Member of the Uttar Pradesh legislative assembly
- Incumbent
- Assumed office 2017
- Preceded by: Sudesh Sharma
- Constituency: Modinagar, Uttar Pradesh

Personal details
- Party: Bharatiya Janata Party

= Manju Shiwach =

Indian politician

Manju Shiwach (born 1963) is an Indian politician from Uttar Pradesh. She was a two-time member of the 17th Legislative Assembly of Uttar Pradesh of India.

== Early life and education ==
Shiwach is from Uttar Pradesh. She did her medical education at Meerut University in 1987. Apart from her MBBS, she also did a Diploma in Obstetrics and Gynecology, also from Meerut University in 1992 and she is practices as a gynaecologist.
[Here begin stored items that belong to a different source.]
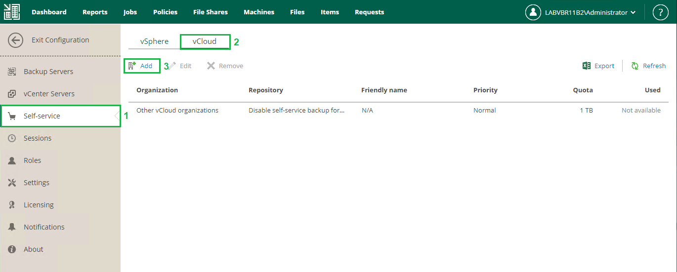 Now let’s go through to the process to configure the Enterprise Manager Self-Service portal for use with vCloud Director and then we will setup the new Veeam v11 Plugin.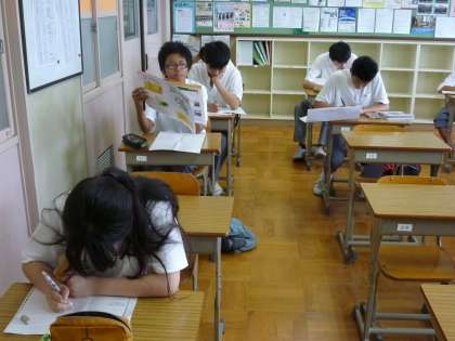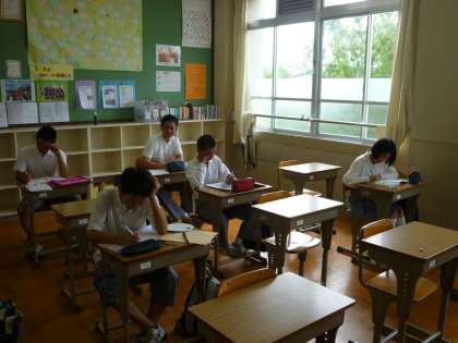 2つの教室で実施しています。約40名ほどが,自習教材を自分で用意して学習に取り組んでいます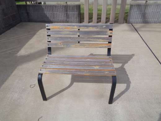 何度もお世話になっているお客様から、新たに施工のご依頼を頂き、現地調査にお伺いした帰りに、お庭の片隅に排除されている、ガーデンチェアーを発見!お話を聞くと『座面と背もたれの塗装が剥がれて、下地もボロボロになってしまったので、ペンキを塗り直そうと思っているが、ずーと放置状態になっている』との事でしたので、久々にお助けマン出動です!これまでも、電球交換や草刈り、庭木の補強材や支柱の取付、照明器具の交換などなど、私が出来るお手伝いは無償(材料費別)でさせて頂いております。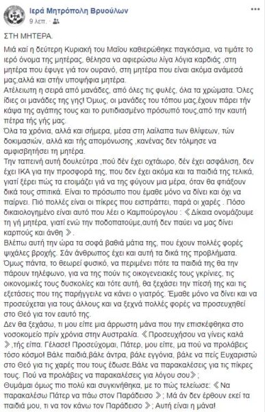 Κείμενο αφιερώνει ο Μητροπολίτης Βρυούλων κ. Παντελεήμων στην αυριανή Γιορτή της Μητέρας, όπου, καθώς χαρακτηριστικά διηγείται: “Δεν θα ξεχάσω, τι μου είπε μια άρρωστη μάνα που την επισκέφθηκα στο νοσοκομείο πρίν χρόνια στην Αυστραλία. Προσευχήσου να γίνεις καλά, τής είπα. Γέλασε! Προσεύχομαι, Πάτερ, μου είπε, μα πού να προλάβεις τόσο κόσμο! Βάλε παιδιά,βάλε άντρα, βάλε εγγόνια, βάλε να πείς Ευχαριστώ στο Θεό για τις χαρές που τους έδωσε.Βάλε να παρακαλέσεις για τις πίκρες τους. Πού να προλάβεις να παρακαλέσεις για λόγου σου; Θυμάμαι όμως πιο πολύ και συγκινήθηκα, με το πώς τελείωσε: Να παρακαλέσω Πάτερ να πάω στον Παράδεισο; Μά άν δεν έρθουν εκεί τα παιδιά μου, τι να τον κάνω τον Παράδεισο; Αυτή είναι η μάνα!”.

Her husband Devendra Shiwach is also a doctor.

== Career ==
Shiwach first won the 2017 Uttar Pradesh Legislative Assembly election from the Modinagar Assembly constituency in Ghaziabad district of Uttar Pradesh representing the Bharatiya Janata Party. She polled 1,08,631 votes and defeated her nearest rival, Wahab Chaudhary of the Bahujan Samaj Party by a margin of 66,582 votes. She retained the seat for the BJP winning the 2022 Uttar Pradesh Legislative Assembly election where she polled 1,13,349 votes and defeated Sudesh Sharma of RLD by a margin of 34,619 votes.